With British Summer Time soon drawing to a close and the nights drawing in, now is the perfect time to start thinking about protecting your property.
Whether you are selling your house or preparing to move into a new home, safety and security are paramount.
Home Office crime figures (2010-2011) show a 14 per cent increase in domestic burglary levels – according to the most recent British Crime Survey on the subject.
So don’t give the burglars any opportunity to strike when the clocks go back.
Independent estate agents and valuers Harrison Murray have some practical tips and advice.
Development director Jackie Scotten said: “As we move further into autumn and winter, the days and nights are obviously getting darker, but we aren’t suggesting that people live in fear.
“It is simply about adopting a practical, common sense approach in assessing safety measures in your existing or new home.”
Lighting. Consider installing motion-sensitive lighting fixtures above front doors, porches, garage doors and entrances to back gardens. Fit timers to indoor lights when you are out for the evening or going on holiday.
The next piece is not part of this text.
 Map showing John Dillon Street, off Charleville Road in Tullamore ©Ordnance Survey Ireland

Codes. If you are moving into a new property, familiarise yourself with the alarm and set a new passcode.
Securely bolt or padlock side/ back gates.
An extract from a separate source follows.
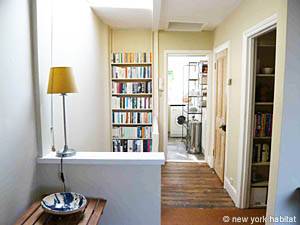 Dans le couloir, vous trouverez un débarras contenant un aspirateur, un fer et une planche à repasser entre autres matériels. Cet appartement est chauffé au gaz central.

Be letterbox aware. As vehicle theft becomes more sophisticated and often to order, thieves turn to letterboxes to obtain keys. Make sure you put these and other valuables out of easy reach and sight of the front door.
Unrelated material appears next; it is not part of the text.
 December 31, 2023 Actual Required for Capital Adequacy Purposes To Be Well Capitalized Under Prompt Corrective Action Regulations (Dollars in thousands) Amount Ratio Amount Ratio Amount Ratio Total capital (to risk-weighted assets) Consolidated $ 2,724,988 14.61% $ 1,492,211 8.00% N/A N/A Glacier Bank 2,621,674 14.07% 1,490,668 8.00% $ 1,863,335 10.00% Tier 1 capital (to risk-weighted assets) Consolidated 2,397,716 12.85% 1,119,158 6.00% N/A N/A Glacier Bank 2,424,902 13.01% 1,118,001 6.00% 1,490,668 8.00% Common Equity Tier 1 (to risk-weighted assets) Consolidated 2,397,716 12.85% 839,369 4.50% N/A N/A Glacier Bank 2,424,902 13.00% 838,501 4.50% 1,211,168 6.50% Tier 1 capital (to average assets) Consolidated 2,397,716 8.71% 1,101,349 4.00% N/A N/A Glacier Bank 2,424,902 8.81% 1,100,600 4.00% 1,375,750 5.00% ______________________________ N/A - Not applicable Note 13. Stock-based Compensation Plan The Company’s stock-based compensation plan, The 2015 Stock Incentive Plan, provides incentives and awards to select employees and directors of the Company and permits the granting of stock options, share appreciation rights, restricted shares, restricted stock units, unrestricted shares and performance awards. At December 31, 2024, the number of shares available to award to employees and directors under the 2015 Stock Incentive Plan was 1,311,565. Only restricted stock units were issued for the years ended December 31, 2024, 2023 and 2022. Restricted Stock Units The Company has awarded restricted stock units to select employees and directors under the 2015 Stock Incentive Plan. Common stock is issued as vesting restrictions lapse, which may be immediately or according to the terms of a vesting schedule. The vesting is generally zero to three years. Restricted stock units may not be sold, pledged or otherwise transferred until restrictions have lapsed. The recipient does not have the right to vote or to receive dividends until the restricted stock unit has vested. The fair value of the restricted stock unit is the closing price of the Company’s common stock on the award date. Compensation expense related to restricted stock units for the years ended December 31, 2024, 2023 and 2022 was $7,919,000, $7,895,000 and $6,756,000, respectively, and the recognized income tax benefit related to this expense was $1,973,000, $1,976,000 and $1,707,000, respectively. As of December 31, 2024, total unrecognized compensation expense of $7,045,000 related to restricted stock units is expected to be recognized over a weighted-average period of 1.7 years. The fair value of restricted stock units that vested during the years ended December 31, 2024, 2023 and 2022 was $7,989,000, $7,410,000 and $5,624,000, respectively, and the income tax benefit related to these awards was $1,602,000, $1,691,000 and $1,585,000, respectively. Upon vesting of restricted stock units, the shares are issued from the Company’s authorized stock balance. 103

Put your mark on valuables with a UV pen – a discreet way to identify your items if they are stolen.
Sheds. Many sheds are used to store cycles, garden equipment and tools. Ensure you have a sturdy padlock on your shed door. The same goes for your garage.
Don’t get caught out online. Be careful about what personal information you divulge on social media. Opportunist thieves are turning to Facebook and Twitter to target unsuspecting victims, so don’t give too much information away regarding your whereabouts. Never reveal that your property is empty
Be a good neighbour and join the local Neighbourhood Watch group. If you are new to the area, this is also a great way of getting to know your neighbourhood and meeting new people.